In the minds of these intellectuals, the great social experiment of the Soviets was impeccable, and they refused to accept any identification or falsification. When one does not know that one does not know, one is not far from ignoring the truth and even serving the tiger.
Manifestation Three
Simplification of complex issues.
Lack of systems thinking
Lu Xun once said, a Dream of Red Mansions, economists see Yi, Taoists see obscene, talents see lingering, revolutionaries see Manchu, rumor mongers see the palace secrets. We call this “Seeing is believing”.
In fact, the so-called “seeing benevolence and seeing wisdom” is a kind of misperception in the traditional society where knowledge is slow to be updated. Since the Enlightenment and the 20th century, the modern world has become a complex, ever-changing, ambiguous and fluctuating place. Once, single-discipline thinking could only deal with localized and static problems, and could no longer be used to explain the complex world.
Unfortunately, the reality is that many people, having been successful in certain fields, are stuck in a single mindset and find it difficult to think outside the box to explore more possibilities.

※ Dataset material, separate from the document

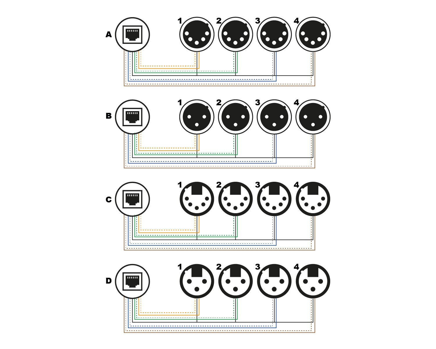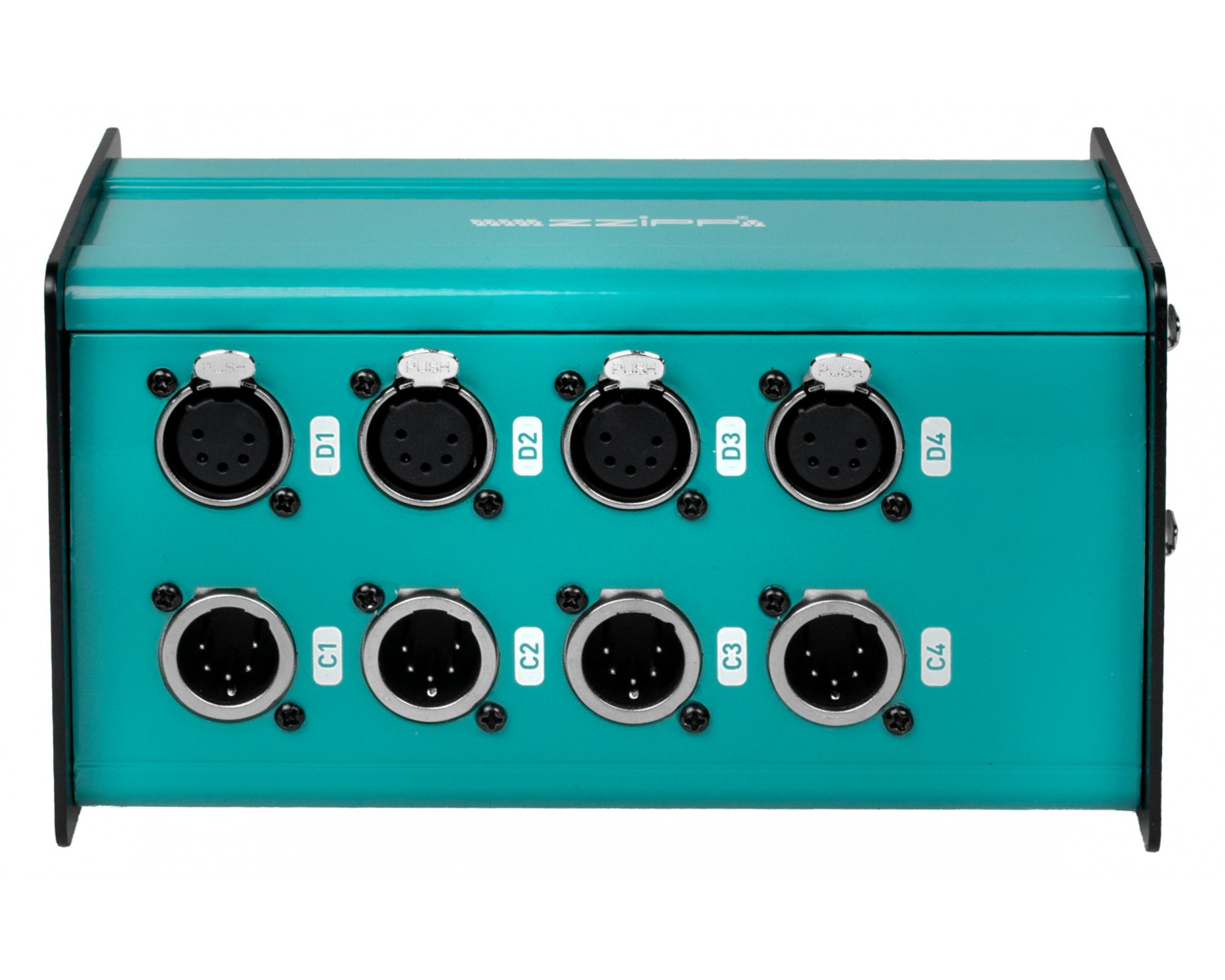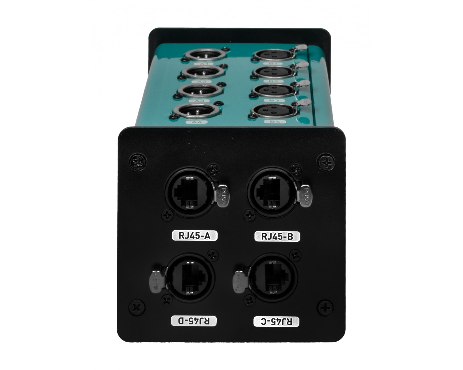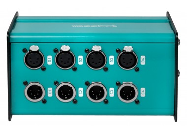 Analog cable box with 16-channel 5/3-pin XLR connectors, designed for reliable DMX/Audio signal distribution. The rugged metal chassis provides excellent electromagnetic shielding and mechanical protection, while the internal wiring ensures signal continuity and long service life. Its compact format allows tidy patching, reduces clutter on stage or in the rack, and is available in multiple configurations to meet specific routing needs.

For example, in the face of how to build chips? How to develop artificial intelligence and such cutting-edge complex system problems, some experts often ignore the level of development of the country’s basic disciplines, talent density, capital scale and government policy, thinking that as long as the country’s efforts to increase investment, it will certainly be able to bend the road to overtake the later to overtake.
For example, when explaining the rise and fall of the great powers of the modern world, many scholars often ignore geography, culture, beliefs and other influencing factors, and crudely categorize them as a single-variable determinism, and prescribe medicines for China’s problems accordingly. This is the so-called hammer effect, i.e., holding a certain tool in one’s hand, one tends to use that tool to solve all problems.
In the book Why Seeing the Trees but Not the Forest, a general reader on complex subjects, it is written that only by diversifying the tools of thought can biases and limitations be reduced. After all, there is never a simple solution to a complex problem.
These are just some of the most obvious manifestations of the new ignorance at the cognitive level. In addition to the cognitively crude, the new ignorance also manifests itself in a lack of action and a failure to promote collective cooperation and institutional design.
As the economist Sowell put it, it takes a certain wisdom to recognize one’s own ignorance. Those who are truly knowledgeable and penetrating realize their ignorance the more they know, and then follow the clues that lead them to new boundaries of cognition. They know that it’s never what you’re not sure about that kills you, but what you think you’re sure about.
For this reason, the chief book court sincerely recommended by the Chinese social science research masterpiece Chinese social science is still far from the science of the famous historian Paul Johnson to expose the dark side of the intellectuals subversive work of intellectuals and upgrade the complexity of the thinking of the must-read books why only see trees do not see the forest, away from the new ignorance of the composition of the three books. Recognize your own ignorance and broaden the new boundaries of cognition. If you are interested in the book, recognize the QR code in the picture below, then you can bookmark it with one click.